Tanzanian Royalty Exploration Corporation (TSX: TNX; NYSE-Amex: TRX) (the “Company”) is pleased to announce that it has entered into an underwriting agreement with Casimir Capital Ltd. (the “Underwriter”) whereby the Underwriter has agreed to purchase 4,237,289 units (the “Units”) of the Company on a bought deal basis at a price of US$5.90 per Unit, for sale to the public in Canada and the United States. The offering is expected to provide the Company with aggregate gross proceeds of US$25 million. The primary use of the funds will be for the completion of a full Feasibility Study on the Company’s advanced stage Buckreef Gold Project in Tanzania which hosts approximately 2.0 million ounces of 43-101 compliant resources at a 0.5 g/t cut-off grade. (See April 15, 2011 News Release for details). The Company is currently in discussions with international consulting firms with respect to a turnkey price for the construction of plant and mine-related facilities at the Buckreef Project, said the Company’s President and CEO, James E. Sinclair. “We are not looking at a Cadillac operation - more of a Ford in fact - that will generate the returns that shareholders expect and deserve from such a robust gold mining project.” According to Sinclair, “Buckreef is licensed for mining and in fact saw some commercial production as an underground producer during the 1980s. The permitting risk for Buckreef is minimal which is highly unusual for a project of this scope in this day and age,” he added. In addition to the Buckreef Feasibility Study, some of the funds will be allocated to plant and equipment purchases for the mining of surface gravels at Buckreef and on the Company’s Kigosi and Lunguya prospects where gravel deposits of commercial interest are also indicated, Sinclair said. “If these projects unfold as expected they could be major cash generators to further development work at Buckreef” he suggested.
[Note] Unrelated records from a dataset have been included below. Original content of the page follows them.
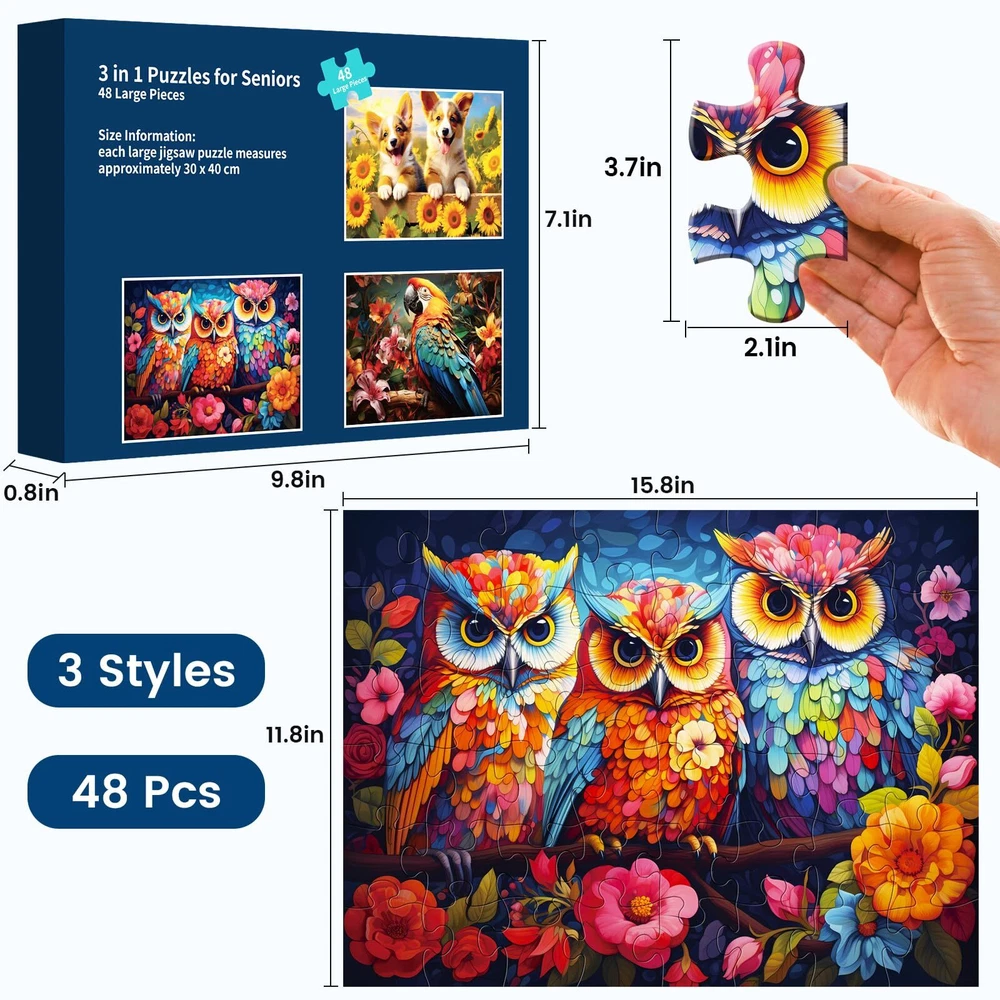 3 Packs Large Piece Puzzle for Seniors - Dementia 48 Pieces Puzzles for Elderly Adults,Alzheimer’s Puzzles Memory Cognitive Games for Elderly Seniors with 3 Storage Bags 🍀[What You Will Get]:You will receive 3 sets of Alzheimer's products, each set has 48 pieces of puzzles.These large piece puzzles are specially designed for seniors, including those with dementia and Alzheimer's, aiming to infuse joy into their daily lives and delay cognitive decline. 🍀[Durable&Friendly Design]:Made of eco-friendly paper, our puzzle are easy to clean and can be used multiple times.Very durable! 🌸0.1 in-extra thickness design makes it very friendly for seniors with flexibility or mobility challenges. 🍀[Cognitive Games for Elderly]: While bringing a good gaming experience to the elderly, 3 different themes and colorful images help improve the memory, concentration and thinking clarity of the elderly. 🍀[Size Information]: Our large jigsaw puzzles for seniors measure approximately 12 x 8 inches and unique texture design offer seniors a multi-sensory experience that's both tactile and easy to manipulate. 🍀[Best Gifts]:Looking for gifts for adults? Our jigsaw puzzles are a best gift for seniors with Alzheimer's disease to make their day brighter.🌸Don't worry - there is no mention of dementia on the packaging. 🍀[What You Will Get]:You will receive 3 sets of Alzheimer's products, each set has 48 pieces of puzzles.These large piece puzzles are specially designed for seniors, including those with dementia and Alzheimer's, aiming to infuse joy into their daily lives and delay cognitive decline. 🍀[Durable&Friendly Design]:Made of eco-friendly paper, our puzzle are easy to clean and can be used multiple times.Very durable! 🌸0.1 in-extra thickness design makes it very friendly for seniors with flexibility or mobility challenges. 🍀[Cognitive Games for Elderly]: While bringing a good gaming experience to the elderly, 3 different themes and colorful images help improve the memory, concentration and thinking clarity of the elderly. 🍀[Size Information]: Our large jigsaw puzzles for seniors measure approximately 12 x 8 inches and unique texture design offer seniors a multi-sensory experience that's both tactile and easy to manipulate. 🍀[Best Gifts]:Looking for gifts for adults? Our jigsaw puzzles are a best gift for seniors with Alzheimer's disease to make their day brighter.🌸Don't worry - there is no mention of dementia on the packaging. Shipping from the USA All of our products are shipped from the USA, ensuring quick delivery to your destination. Payment We offer the following payment methods: PayPal, credit card, bank transfer, and eBay's secure payment system. Free Shipping & Free Returns Shipping within the USA is FREE. Additionally, any return is absolutely free for you. Risk-Free Purchase You have the option to return an item within 30 days without any justification. We cover the return shipping costs! Fast Shipping We ship immediately upon receipt of payment. Generally, the package is delivered within 2-3 days in the USA. If it takes longer, we will contact you. Quality and Costs Made in Europe, USA, China No customs fees or additional charges Total satisfaction guarantee Invoice with declared VAT available upon request in .pdf format Feedback Your feedback is very important to us. After you pay for your purchase, you will automatically receive positive feedback from us.
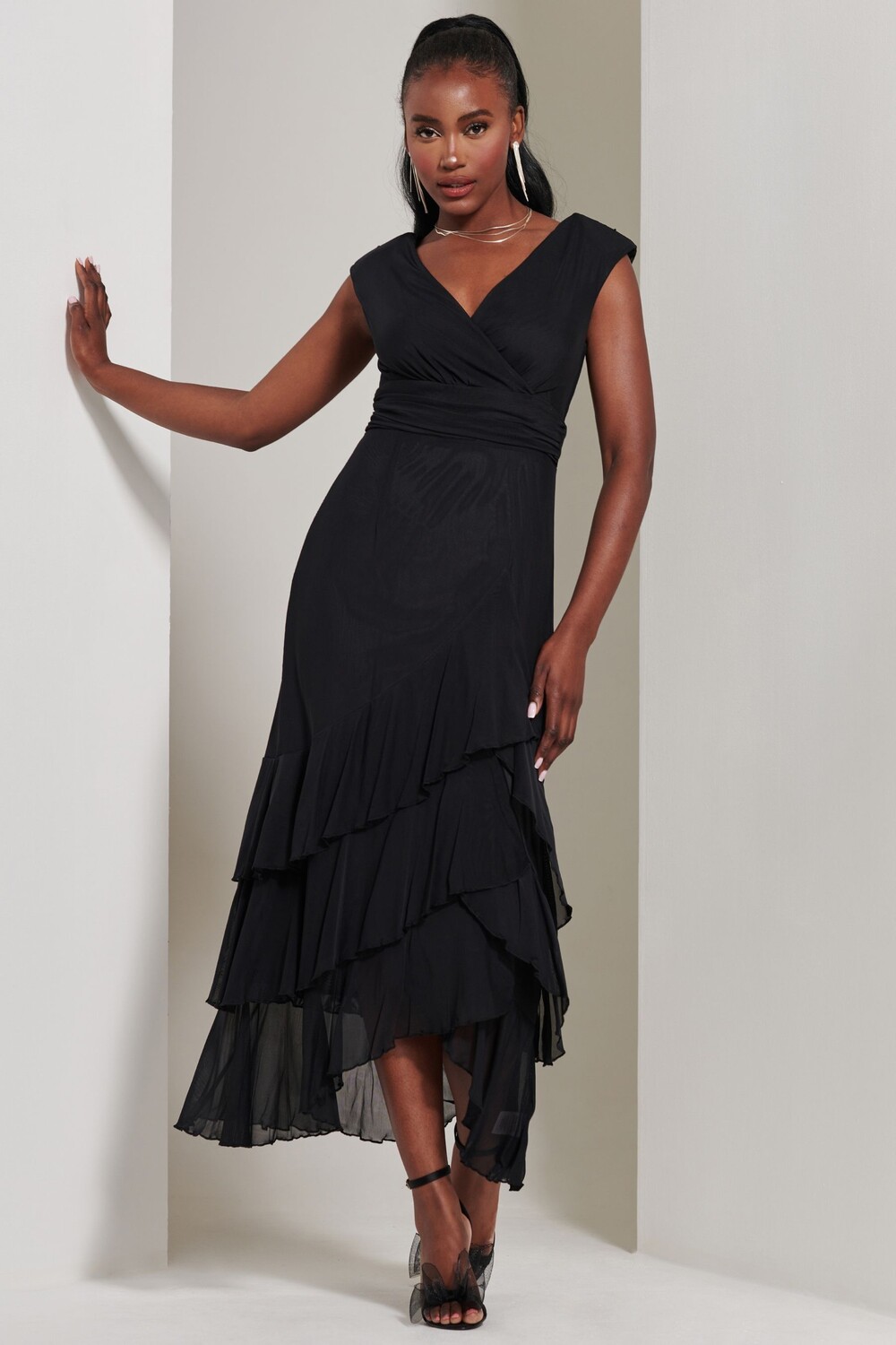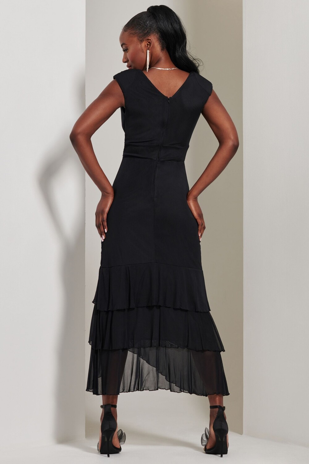 Платье макси с сетчатой оборкой и лифом обручем Jolie Moi, черный 7 016₽
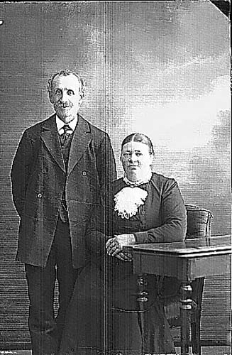 Porträtt av en äldre man och kvinna. Mannen står bredvid kvinnan som sitter vid ett bord.
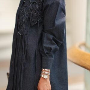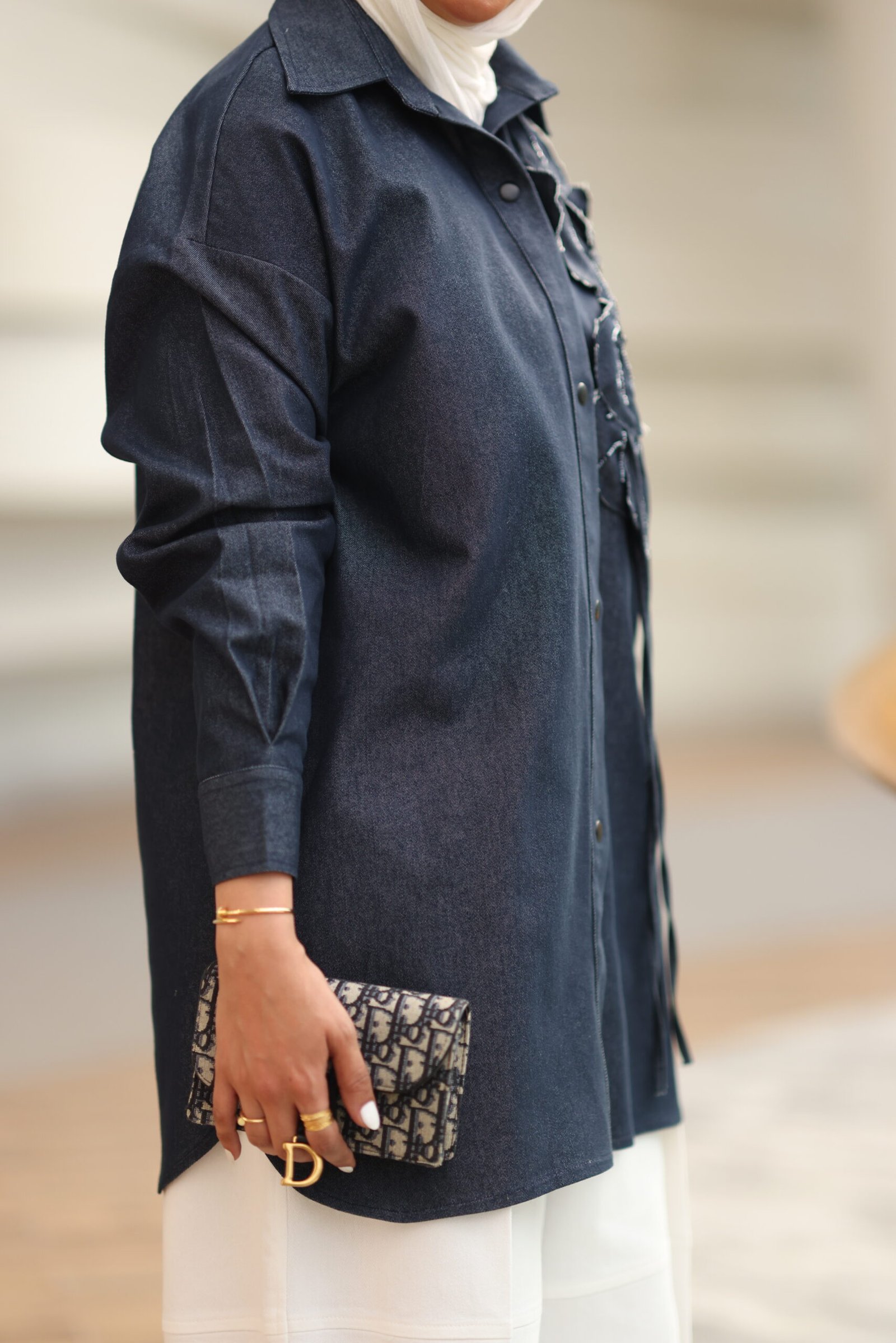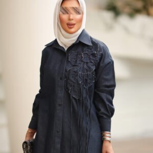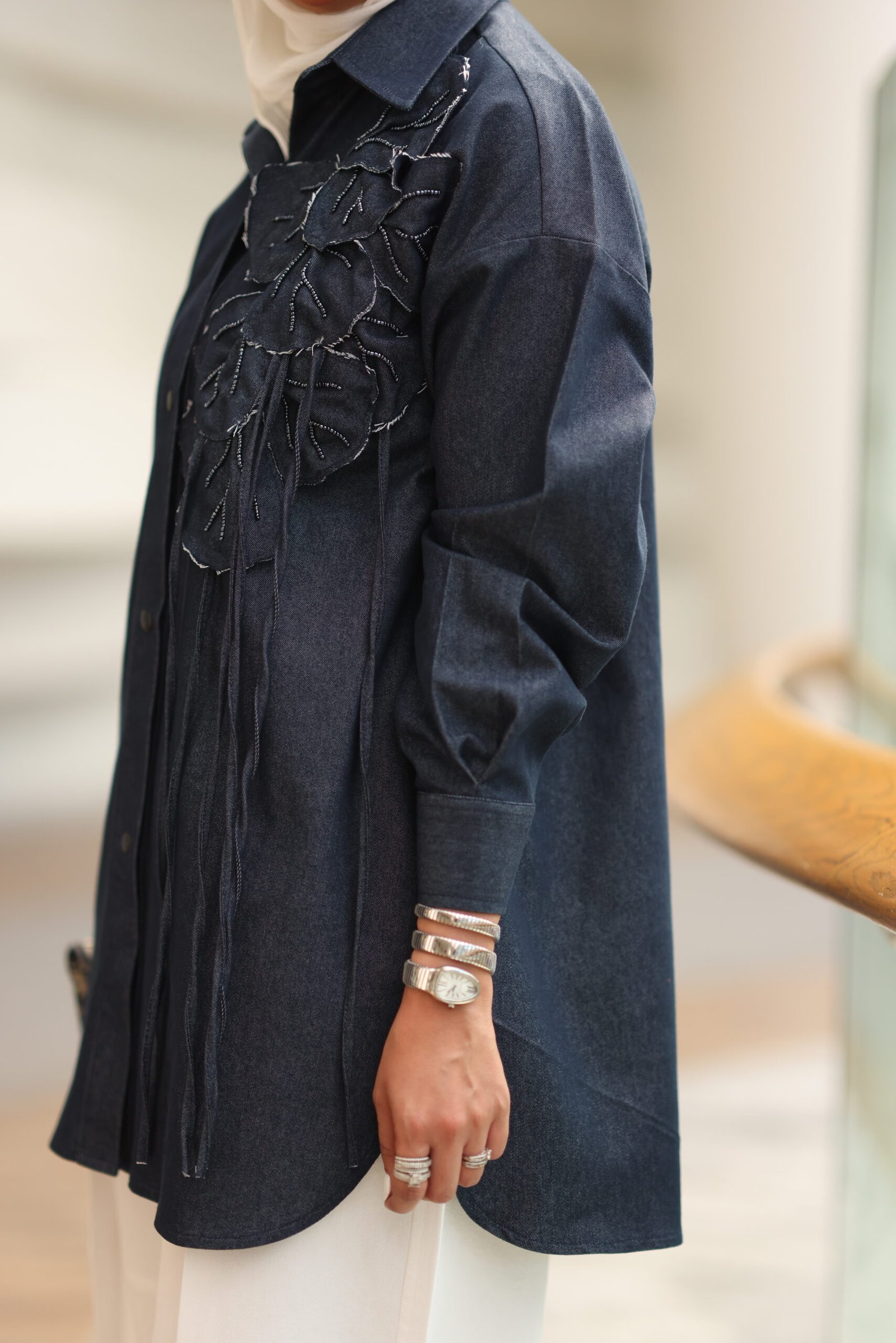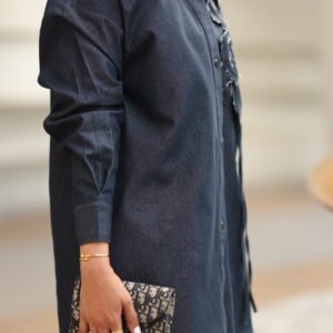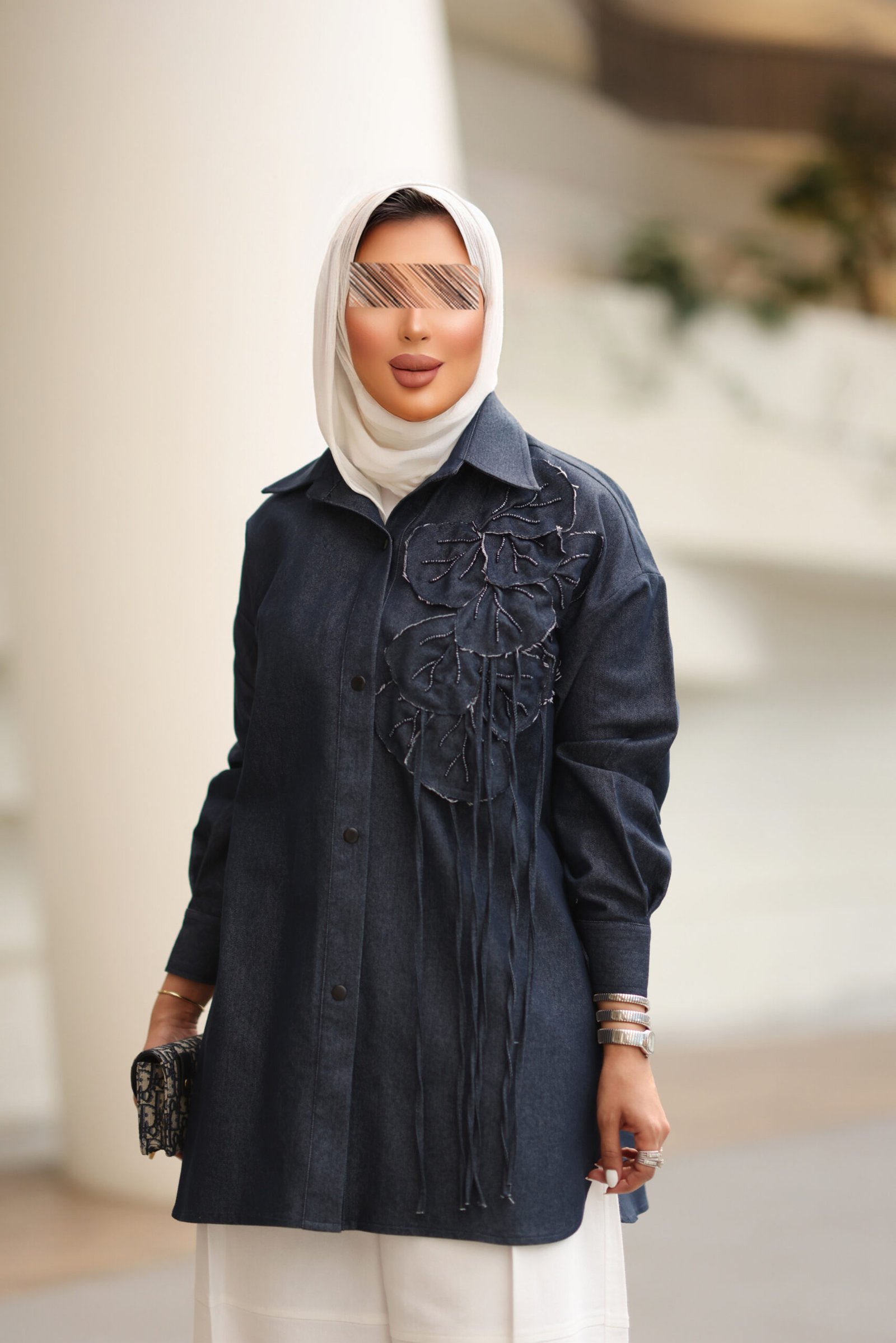 قميص جينز قصه واسعه مع شك يدوي طول الفميص 33 انش غسيل جاف
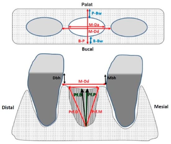 Measurements of the remaining alveolar rim performed with a millimeter probe. B-P: palatal–lingual crest width; P-Bw: palatal bone table width; B-Bw: buccal bone board width; M-Da: alveolus width; M-Dd: width of space between teeth (if both are present); Mbh: height crest cement of the adjacent mesial tooth; Ddh: height crest cement of the adjacent distal tooth; Pf.B: depth to the oral edge; Pf.P: depth to the palatal edge; Pf.M: depth to the mesial edge; Pf.D: depth to the distal edge.
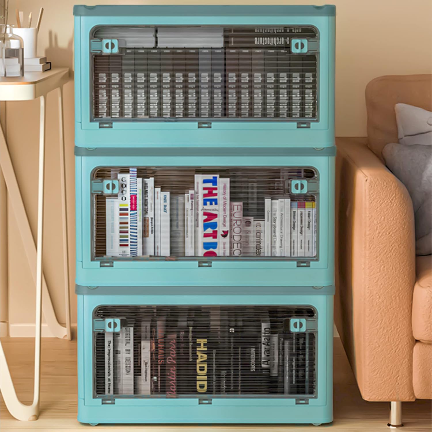 - [Product size]The storage bin measures 16.1 inches long, 11.4 inches wide & 9.4 inches deep(Fold 2.3 inches),The transparent container is durable and made of high-quality plastic materials with no odor and no harm to the body
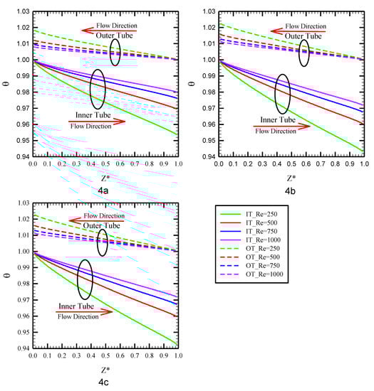 The distribution of bulk temperature in the heat exchanger inner and outer tubes throughout the channel length for water as the working fluid at various Reynolds numbers is displayed in Figure 4. The fluid temperature from the inlet to outlet is different for inner and outer tubes so that the fluid flowing through the outer tube experiences fewer changes than that for the inner tube. The reason is because of the difference in mass flow rate values of inner and outer tubes since the higher mass flow rate at the outer tube causes fewer changes in the fluid temperature along the heat exchanger length. It is also visible that the fluid temperature undergoes more changes in lower Reynolds numbers due to the lower fluid velocity resulting in more time for fluids flowing through the inner and outer tubes from the heat exchanger’s inlet to outlet to exchange heat. Another point that is visible in this figure is that, at a given Reynolds number, the fluid outlet temperature in PHE is different compared with Co-STT and Counter-STT cases so that the twisted tape cases show a higher temperature difference between the heat exchanger inlet and outlet in comparison with the PHE. In fact, at a given Reynolds number, higher variation in fluid temperature from inlet to outlet implies higher heat transferring between the fluid flowing through inner and outer tubes resulting in higher heat exchanger efficiency. As a result, applying twisted tapes in both tubes of the heat exchanger causes a thermal enhancement. The reason is that in the twisted tape cases, secondary flow is created as a result of flow swirling, which consequently improves the flow mixing, disturbs the thermal boundary layer and enhances the heat transfer rate. In other words, the twisted tape redirects the colder core fluid with a better cooling capability to the heat exchanger interface wall causing higher thermal performance of the system.

A major priority for the Company will be the initiation of exploration work along established mineral trends within the Buckreef Project area. Of particular interest is the Buckreef Eastern Porphyry area where the potential to establish additional resources along a continuous mineralized zone that is known to extend for at least 300 metres has yet to be fully evaluated.Significant drill intercepts reported by previous operators within the Eastern Porphyry area included 3.0 metres grading 22 g/t gold from RAB drilling. RC drilling at an average depth of 115 metres returned a peak grade of 18 metres averaging 6.58 g/t gold, 4.0 metres averaging 2.07 g/t gold, 3.0 metres grading 2.18 g/t gold, 2.0 metres averaging 8.81 g/t gold, and 5.0 metres grading 1.35g/t gold. Each Unit consists of one common share (“Common Shares”) of the Company and one Common Share purchase warrant (“Warrants”) exercisable at a price of US$7.00 per warrant share for a period of two years following closing of the Offering. The Units will be offered by way of a short form prospectus in the Provinces of British Columbia, Ontario and Alberta and will be offered in the United States pursuant to a registration statement filed under the multi-jurisdictional disclosure system. The Offering is expected to close on July 18, 2011, and is subject to regulatory and listing approval. In consideration for the services to be rendered by the Underwriter under the Offering, the Underwriter will receive a cash commission of 7% of the gross proceeds of the Offering and compensation warrants entitling the Underwriter to purchase, in the aggregate, that number of Common Shares that is equal to 7% of the aggregate number of Units sold pursuant to the Offering. A registration statement relating to these securities has been filed with the Securities and Exchange Commission but has not yet become effective. These securities may not be sold, nor may offers to buy be accepted, prior to the time the registration statement becomes effective. This release shall not constitute an offer to sell or the solicitation of an offer to buy, nor shall there be any sale of these securities, in any state or jurisdiction in which such offer, solicitation or sale would be unlawful prior to registration or qualification under the securities laws of any such state or jurisdiction.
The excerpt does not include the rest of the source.